From the United Nations Monetary and Financial Conference wiki:
The United Nations Monetary and Financial Conference, commonly known as the Bretton Woods conference, was a gathering of 730 delegates from all 44 Allied nations at the Mount Washington Hotel, situated in Bretton Woods, New Hampshire, to regulate the international monetary and financial order after the conclusion of World War II.
The conference was held from 1-22 July 1944, when the agreements were signed to set up the International Bank for Reconstruction and Development (IBRD), the General Agreement on Tariffs and Trade (GATT), and the International Monetary Fund (IMF).

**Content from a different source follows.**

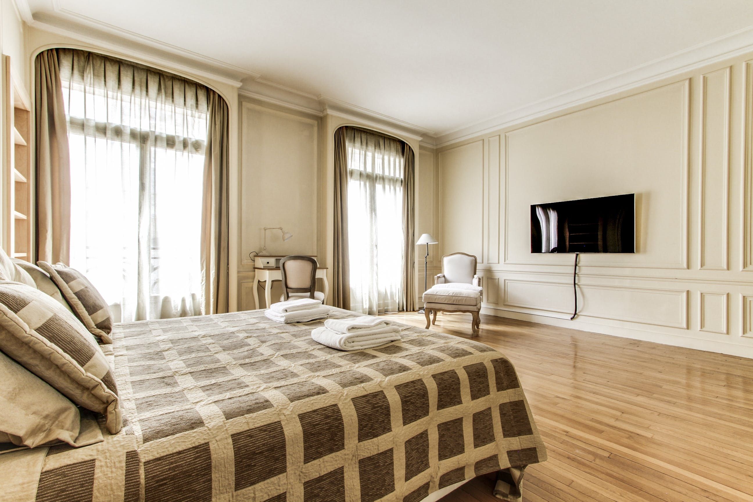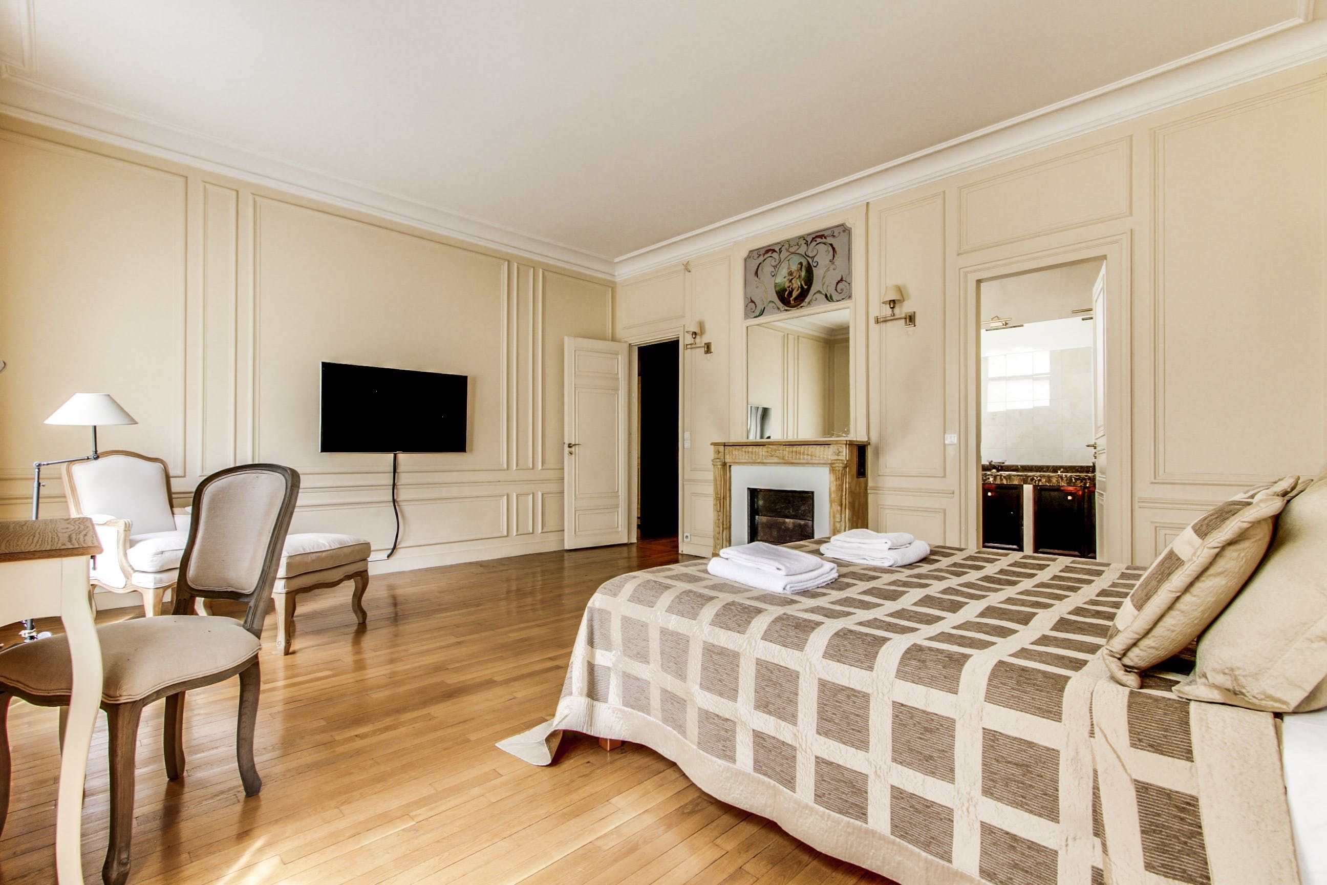 Just a short stroll from the elegant Champs-Élysées and the Arc de Triomphe, this apartment puts you in a privileged position from which to experience all of Paris’ grandeur. The home’s chic location is reflected in its classical decor, though a few areas feel a little worn – in particular, the bathrooms. That said, there’s plenty of room for everyone to spread out across the four bedrooms, and the dining room is the perfect place to gather for celebratory soirees when you’re not out sampling the local food scene.

The seminal idea behind the Bretton Woods Conference was the notion of open markets. ... This meant countries would maintain their national interest, but trade blocks and economic spheres of influence would no longer be their means. The second idea behind the Bretton Woods Conference was joint management of the Western political-economic order, meaning that the foremost industrial democratic nations must lower barriers to trade and the movement of capital, in addition to their responsibility to govern the system.
Failed proposals
International Trade Organization
The Conference also proposed the creation of an International Trade Organization (ITO) to establish rules and regulations for international trade. The ITO would have complemented the other two Bretton Woods proposed international bodies: the IMF and the World Bank. The ITO charter was agreed on at the U.N. Conference on Trade and Employment (held in Havana, Cuba, in March 1948), but the charter was not ratified by the U.S. Senate (controlled by republicans who were suspicious of the UN and protective of national sovereignty). As a result, the ITO never came into existence.
http://en.wikipedia.org/wiki/Bretton_Woods_Conference
From the World Bank wiki:
The World Bank is one of five institutions created at the Bretton Woods Conference in 1944.
The World Bank's official goal is the reduction of poverty, according to the World Bank's Articles of Agreement...
http://en.wikipedia.org/wiki/World_Bank
My opinion is that the bottom line was not FDR's main concern in establishing the World Bank or the other multilateral institutions. I believe he viewed them as a means to share prosperity, reduce poverty and decrease economic nationalism.